2. Accuracy, rather than report length, should be the primary goal of the appraisal process, as that is what contributes most to the soundness of decisions based on appraisals. In the North American commercial appraisal profession, too much emphasis is made on constructing lengthy reports full of canned comments and not enough emphasis is made on research and analysis. Some appraisers even purchase software that adds pages more of canned comments. Reports can do without paper-wasting, tree-killing comments like “Los Angeles is on the west coast of the United States of America in the western hemisphere of Earth, the third planet from the Sun.” I have also found myself perplexed in the past by appraisal instructor who have said "Your estimate of value doesn't matter. Only the report matters." Ask any client -- of course, the value matters!

3. Appraisers need to verify important facts about the property being appraised. Tenants should be verified as occupying the space they are said to be occupying. Representations about building area or land area should be verified by measurement or by public documents. Entitlements or planning approvals should be verified by recent official documents or better yet, by calling on the relevant public agencies. Relying on a property owner's statements without verification just invites fraud.

4. Whenever doubts arise, the appraiser should investigate or recommend investigation rather than make the extraordinary assumption that nothing is wrong. If the financial statements do not seem credible, he should request tax returns. If the ceilings are stained, he should look at the roof. If a subdivision is dependent upon well water, he should request a well water report. Assuming that nothing is wrong turns appraisals into meaningless academic exercises that lead to overvaluation.

When I was starting out in this profession in the 1980s, I had a mentor who would tell me to "stop agonizing" and just put down a number. I'm glad I didn't follow that advice.

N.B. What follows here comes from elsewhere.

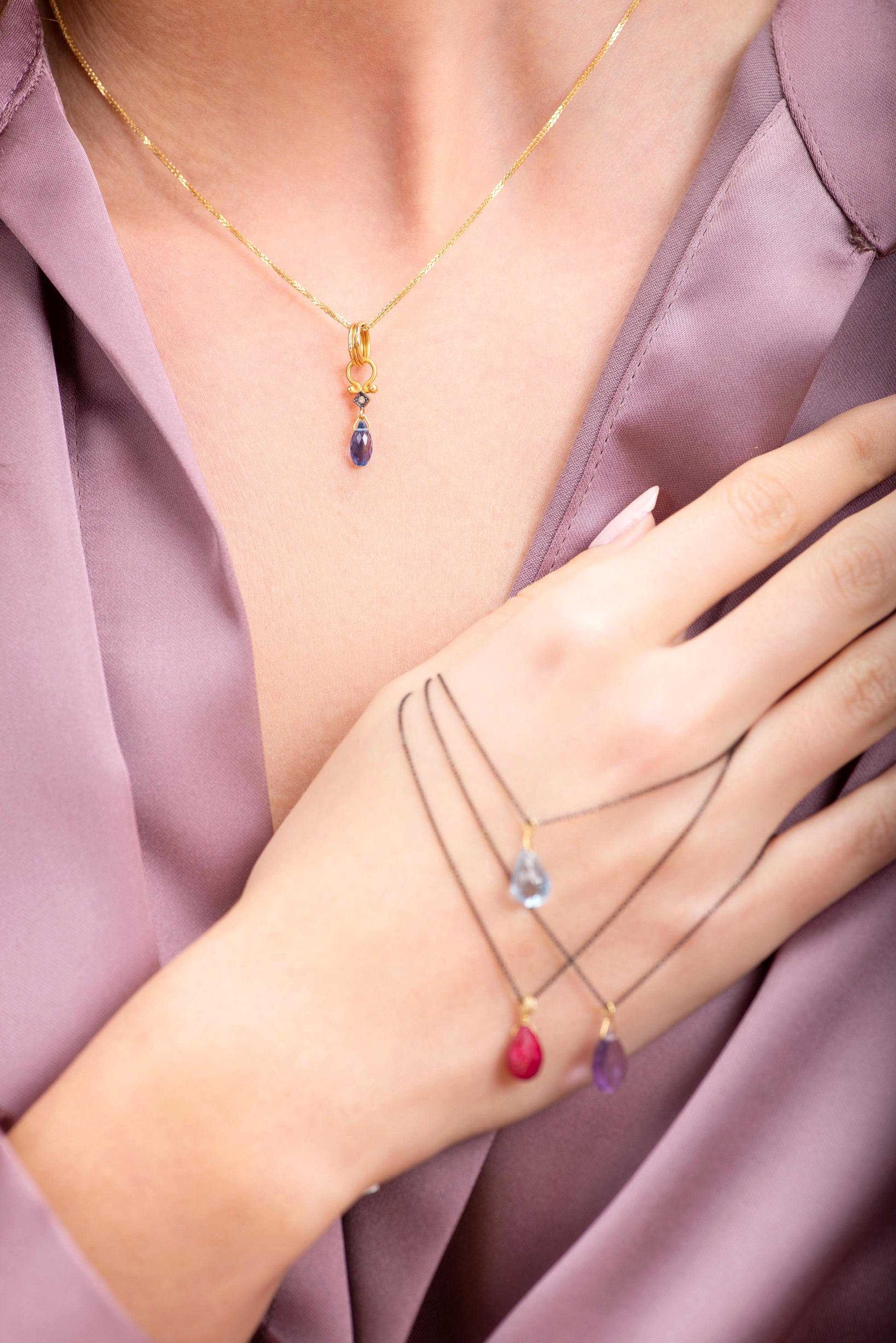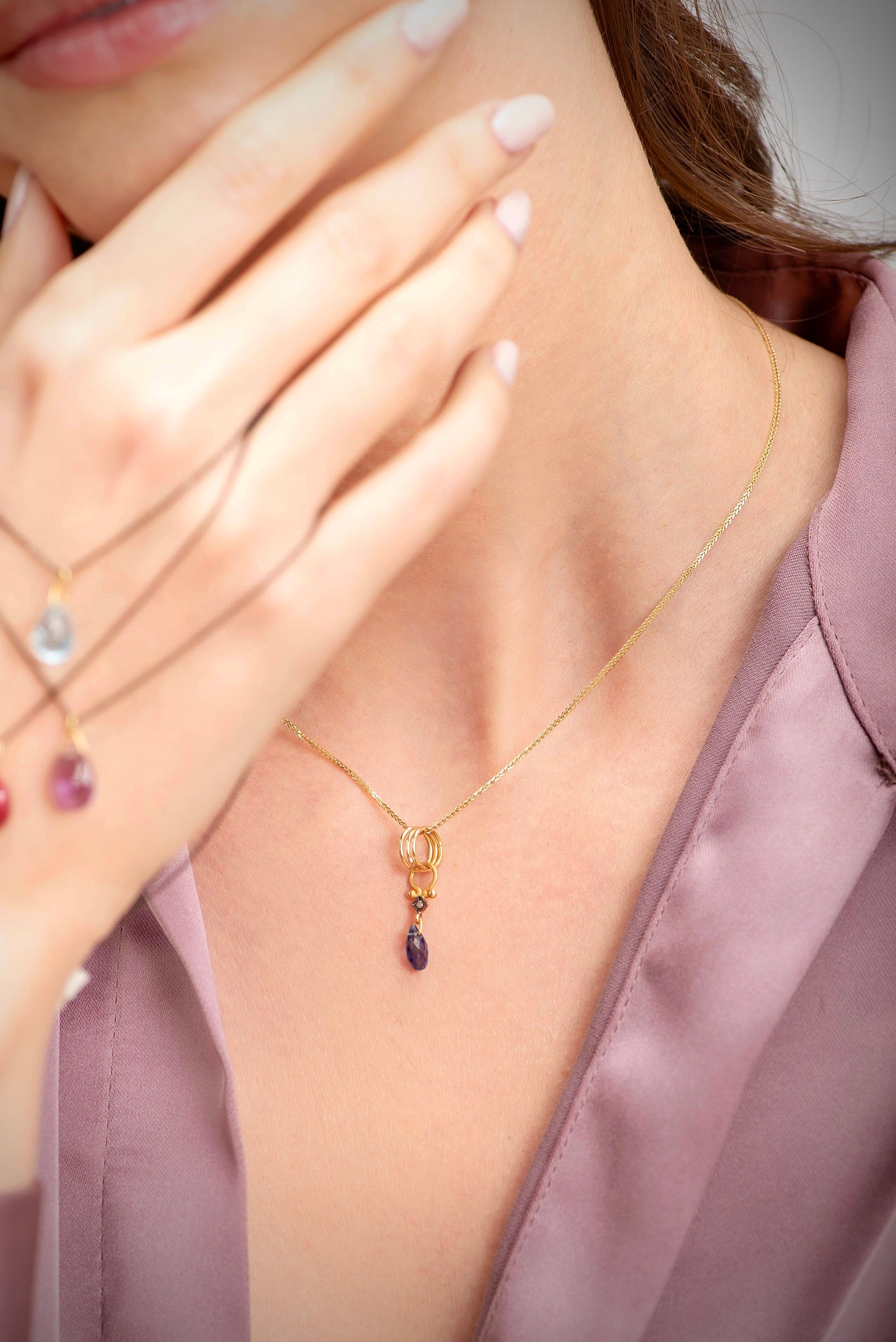 Το μενταγιόν, χειροποίητο εξ ολοκλήρου κατασκευασμένο από χρυσό 18 καρατίων, συνδυάζει γεωμετρική ακρίβεια και απλότητα, εκφράζοντας σχεδιαστική γραμμή που παραμένει αυθεντικά διαχρονική μέσα από φως και την κατασκευαστική του λεπτομέρεια.

He eventually lost his license and company.  My clientele pays me to agonize.

The application of professional appraisal standards

Professional valuation standards go part of the way in alleviating these aforementioned problems.

USPAP, despite being vague and watered down over the years, has improved the credibility of American appraisal reports and is also followed by many Canadian appraisers.

Internationally, IVSC (International Valuation Standards Council) has published a lengthy set of international valuation standards that would also improve valuation practice for commercial real estate and other asset classes, if followed, including a specific application standard for valuation of property interests for secured lending -- important for protecting the lending industry. It will be difficult to promulgate such standards, though, if IVSC continues to charge money for a book-length publication rather than publish it for free on the Internet. Unless there is a legal mandate or clients start insisting on valuations that meet these standards, I would not expect appraisers and valuers to go out of their way to buy this book. An appraiser declaring that his report has met these standards often faces the reality that the client does not know these standards or have access to them.

In the mean time, it would be a good thing if the commercial appraisers and valuers of the world could agree on a much briefer oath or manifesto that would protect the interests of those who rely on our reports, much like the Hippocratic Oath for physicians. You may say that I’m a dreamer, but I’m not the only one.